I would suggest to you — and I did to her and the others in that room — that there is no such thing as “too much weight to be putting on these words” and that these words in fact are all we’ve got; they are what make us a nation, what constitute us, which is why they call it a Constitution.

If you look at the Constitution simply as a collection of grand principles, you will notice if you listen even casually to the conversations going on in the public square that not everyone agrees on what those principles are, and you will wind up with people choosing the principles they want in order to get to the result they want. That kind of Constitution is not a foundation or a pillar; it is a mirage.

Unlike other countries, we do not have a common land to tie us together; even those of us who can trace our ancestors back to the Founding or before necessarily wind up looking across an ocean for our history. Nor do we share common blood; we are of diverse races and ethnicities and backgrounds.

There are those who assert that this diversity itself is our strength. In a way that is a noble thought, I suppose, but I think it is more noble in its aspiration than it is in reality. As a matter of common sense, how can differences that tend to drive us apart make us stronger?

What holds us together is our commitment to the Constitution that makes us not simply a collection of diverse people but a nation.

Okay, a valid thought, perhaps, but aren’t we supposed to be speaking here about the Constitution as a foundation and a pillar of our liberties? Where do the liberties come in?

Those liberties are not given by the Constitution, and even the Constitution admits as much right up front in its opening paragraph, which says that the Constitution is there to form a more perfect union, establish justice, insure domestic tranquility, provide for the common defense, and secure the blessings of liberty. That’s secure, not create or establish.

Those blessings precede the Constitution, which is there to put in place the conditions the structure, the safety and public order — that make it possible for those liberties to thrive.

If we weaken that structure — established in the carefully crafted words of the Constitution — by reading those words to bring about whatever outcome we want in difficult or momentous times, then those liberties will depend for their security entirely on what those in control of government for the moment may want.

That is exalting details, you say? I would suggest to you that the protection of our liberties will be found in scrupulous observance of such details, as set forth in our Constitution, or it won’t be found at all.

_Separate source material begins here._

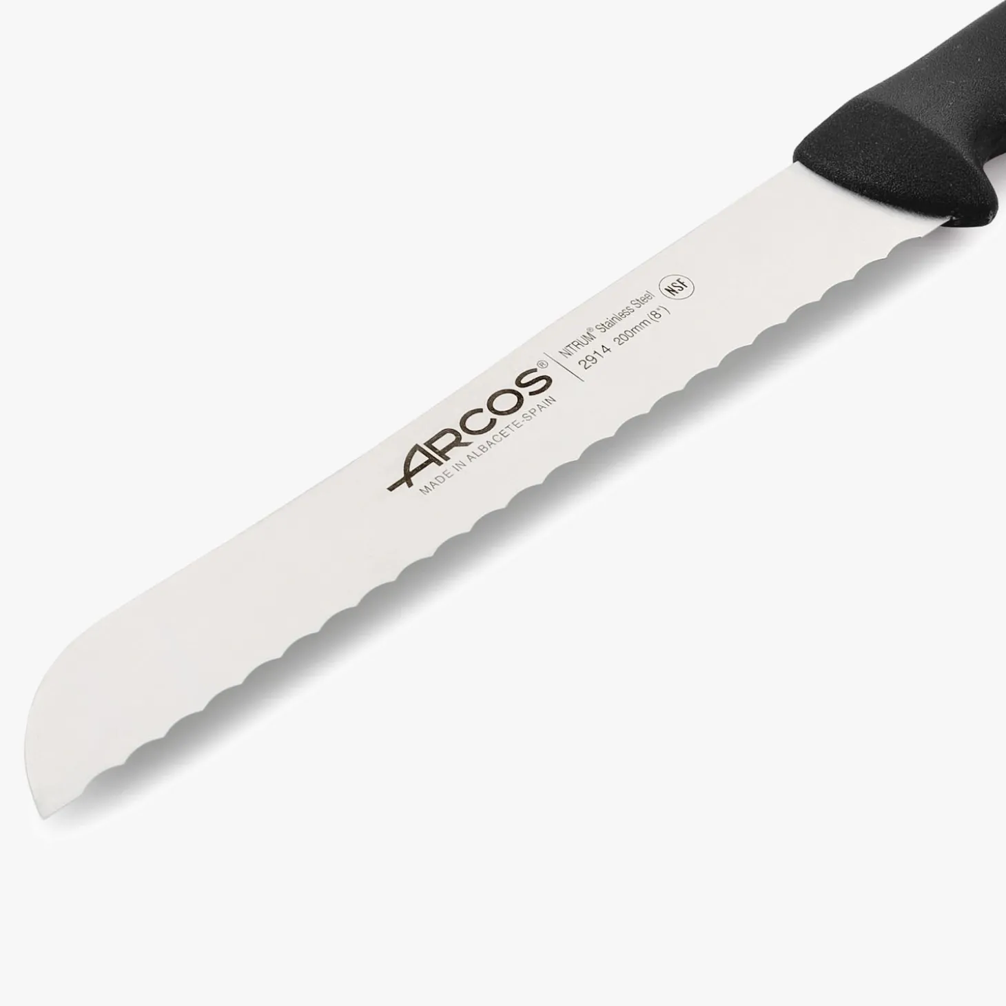 Lame longue forte et crantée. Avec des dents que coupent la croûte du pain.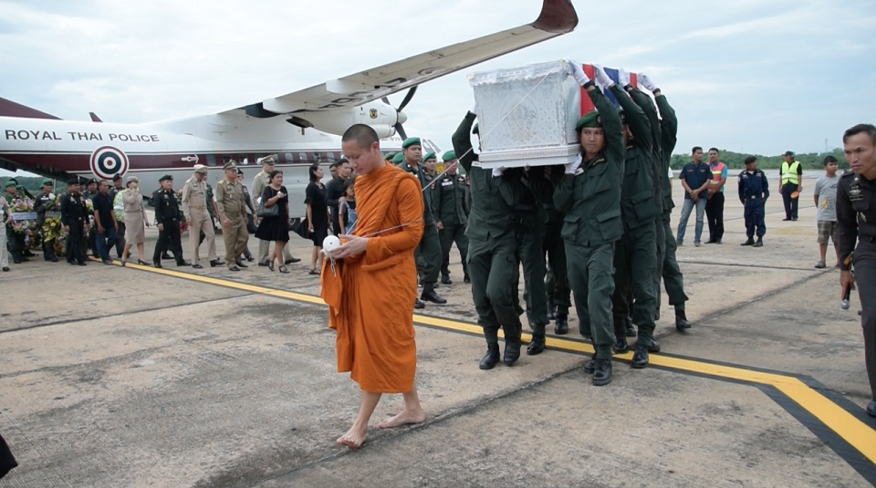 ภูมิภาค 15 ก.ย.- ศพตำรวจและทหารพิทักษ์ความปลอดภัยชายแดนใต้เคลื่อนย้ายถึงภูมิลำเนาแล้ว ท่ามกลางชุดกองเกียรติยศรับอย่างสมเกียรติ โดยศพ “ด.ต.อนิรุทธ” ตั้งบำเพ็ญกุศลที่จังหวัดเลย และ “ส.ต.ธเนตร” ตั้งบำเพ็ญกุศลที่นครสวรรค์

I would also submit that observing such details was what Vice President Pence was doing on January 6, 2021, when he looked at the words of the Twelfth Amendment and saw that his responsibility — and authority — ended with opening the certificates attesting to the results of the election in each state and did not extend to dealing with claims relating to the accuracy of those certificates, despite the intense pressure being brought to bear on him to do that.

Attention to those details won’t tell us how to decide public-policy issues: how to deal with our border, how we should relate to other countries in the world — name your public-policy issue. But it will assure that those decisions can be made by people who are free to decide private issues and to be heard on public issues — freer than the citizens of any nation in the history of the world.

That is what the foundation of our Constitution supports and what the pillar of our Constitution protects.

Michael B. Mukasey served as U.S. attorney general between 2007 and 2009, and as a district judge in the Southern District of New York between 1988 and 2006.